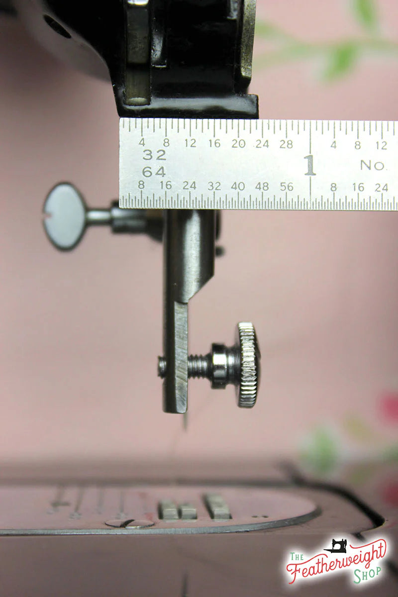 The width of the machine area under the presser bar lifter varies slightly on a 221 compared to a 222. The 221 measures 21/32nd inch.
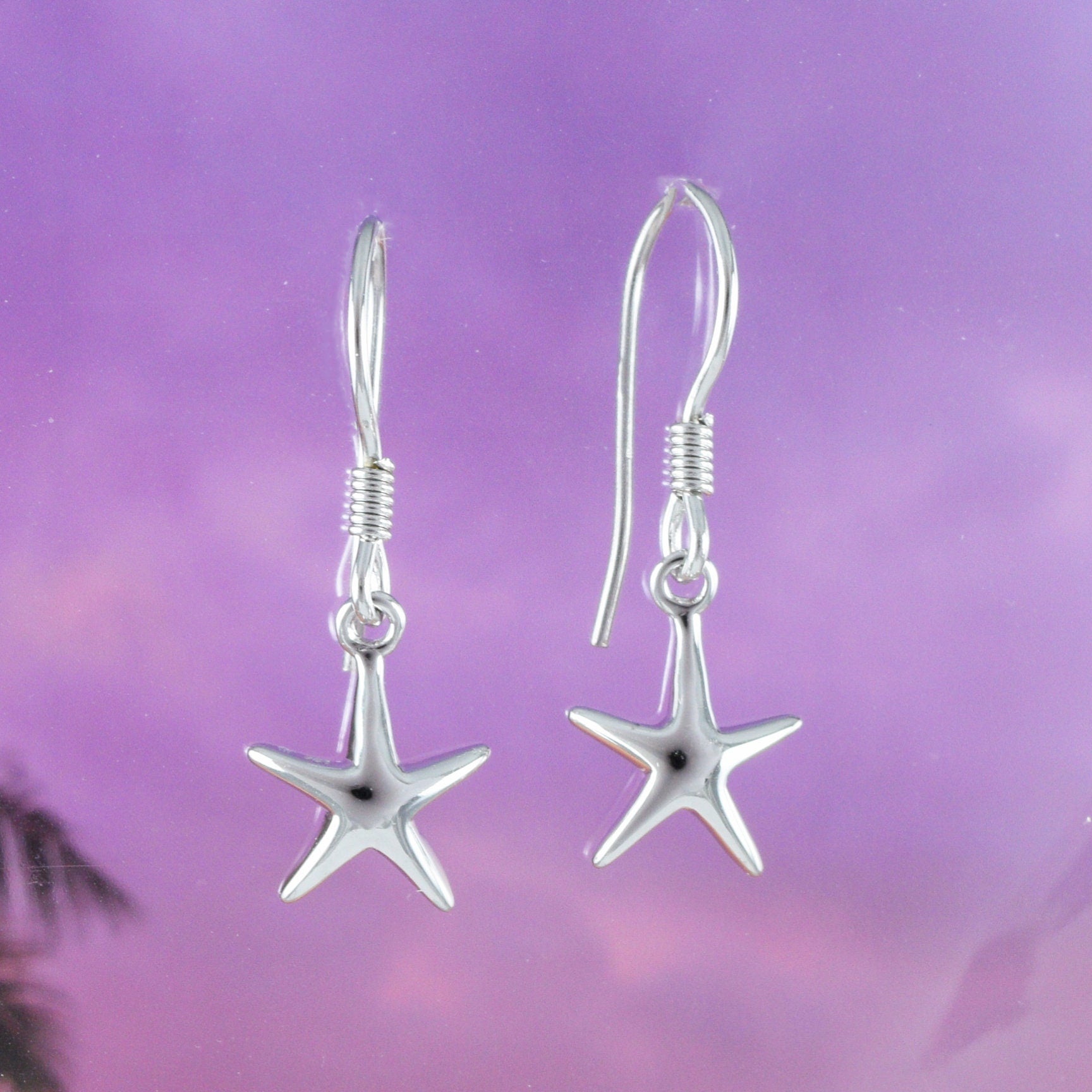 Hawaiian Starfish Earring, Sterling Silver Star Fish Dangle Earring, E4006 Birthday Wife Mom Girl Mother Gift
..........
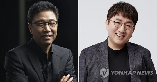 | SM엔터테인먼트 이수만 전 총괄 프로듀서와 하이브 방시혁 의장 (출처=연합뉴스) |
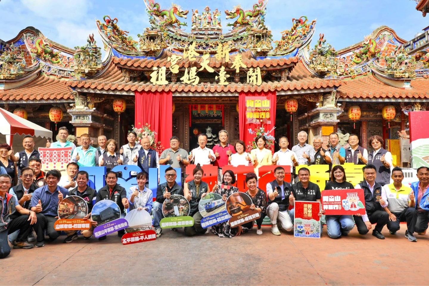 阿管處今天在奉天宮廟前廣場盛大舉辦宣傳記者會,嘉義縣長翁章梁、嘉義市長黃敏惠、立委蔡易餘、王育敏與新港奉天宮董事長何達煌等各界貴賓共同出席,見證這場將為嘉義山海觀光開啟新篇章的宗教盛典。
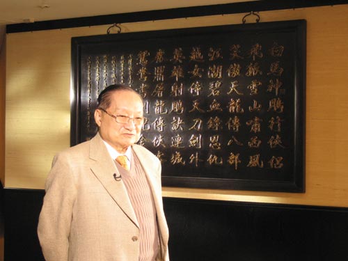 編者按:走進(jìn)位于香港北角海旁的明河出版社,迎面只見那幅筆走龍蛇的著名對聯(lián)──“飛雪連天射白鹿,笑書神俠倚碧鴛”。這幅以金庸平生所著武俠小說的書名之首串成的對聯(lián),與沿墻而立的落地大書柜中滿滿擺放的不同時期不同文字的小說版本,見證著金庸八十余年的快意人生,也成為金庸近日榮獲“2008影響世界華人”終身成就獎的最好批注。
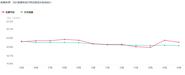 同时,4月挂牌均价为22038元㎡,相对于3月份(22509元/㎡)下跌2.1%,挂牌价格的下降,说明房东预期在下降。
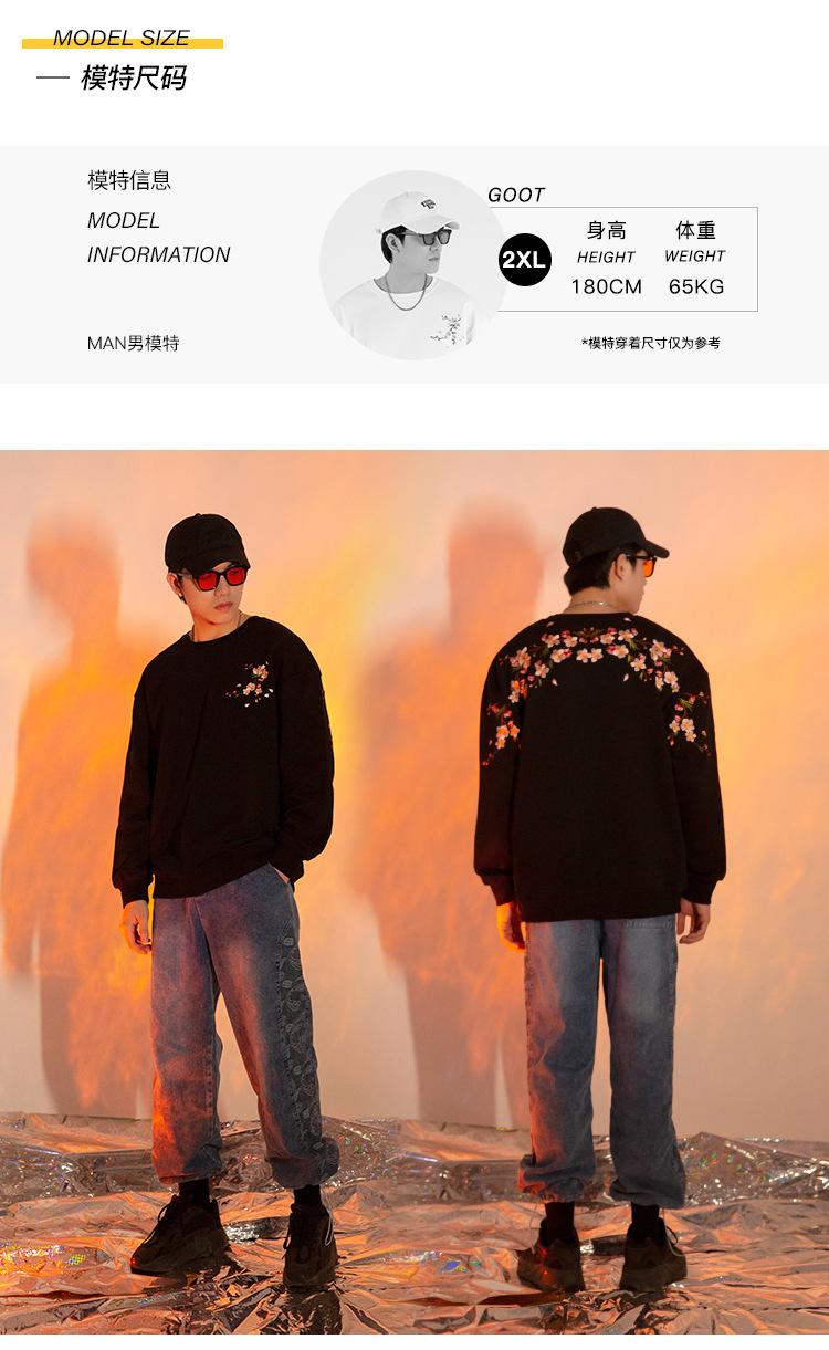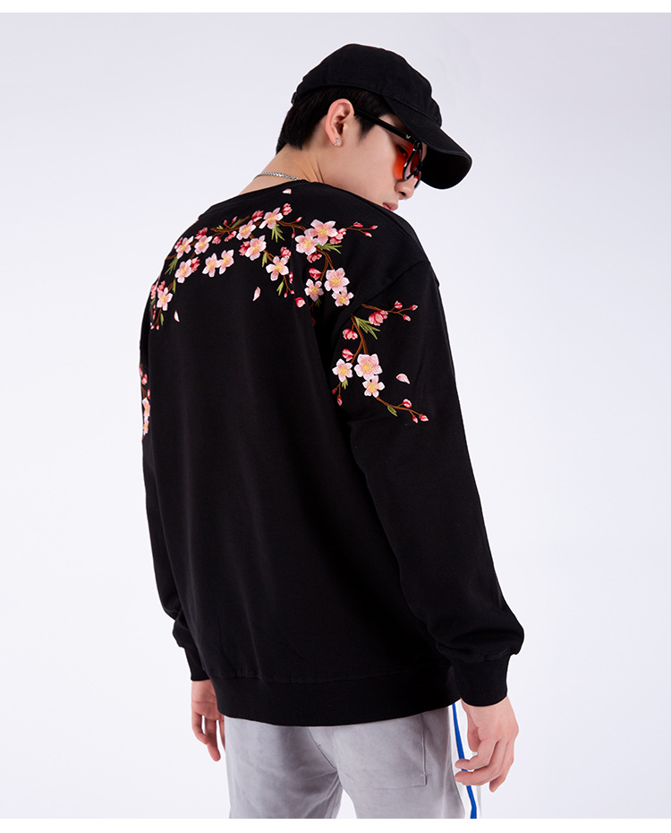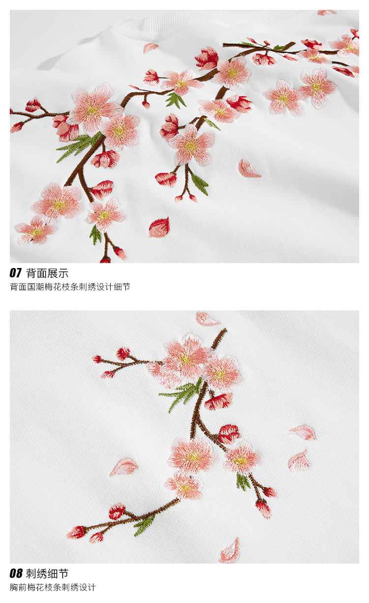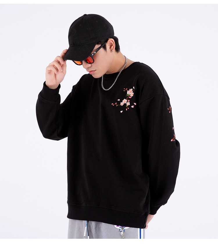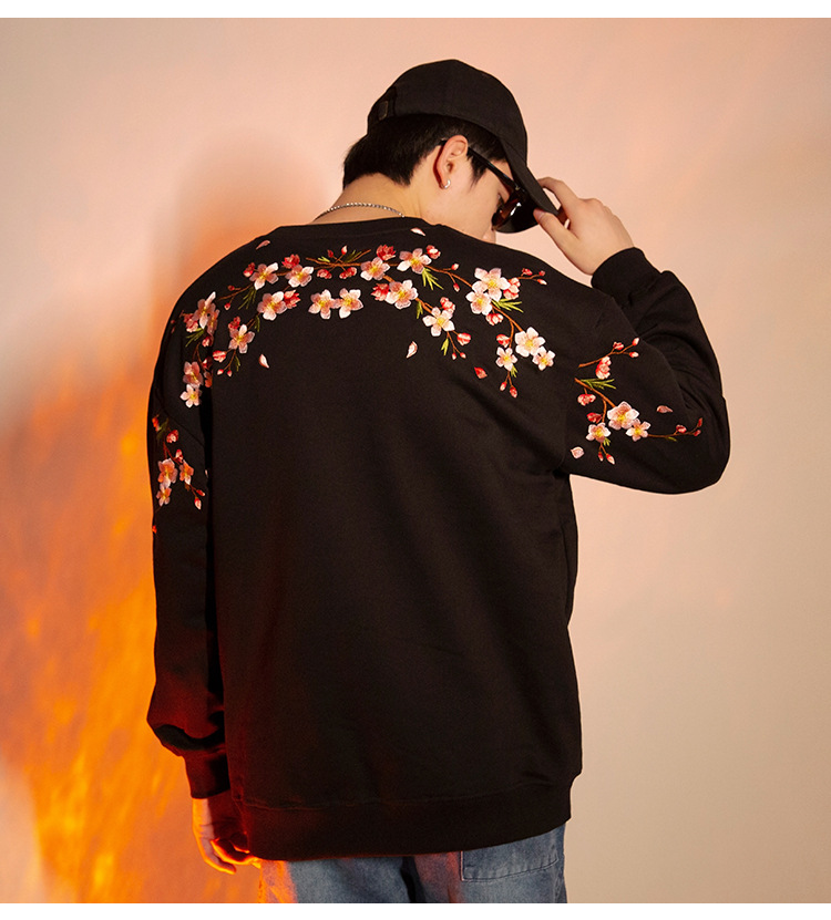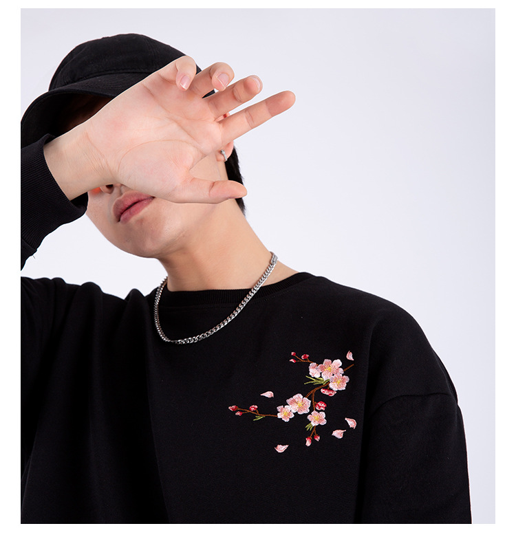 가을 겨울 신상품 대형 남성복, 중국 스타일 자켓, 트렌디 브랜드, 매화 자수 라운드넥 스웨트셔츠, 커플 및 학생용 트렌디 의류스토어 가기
..........
◆ **TRY IT**: Take the material above and output only the lines from the one that contains "The width of" through the one that contains "Hawaiian Starfish Earring, Sterling", ends included and images left out.

◆ **EXPECTED ANSWER**:
 The width of the machine area under the presser bar lifter varies slightly on a 221 compared to a 222. The 221 measures 21/32nd inch.
 Hawaiian Starfish Earring, Sterling Silver Star Fish Dangle Earring, E4006 Birthday Wife Mom Girl Mother Gift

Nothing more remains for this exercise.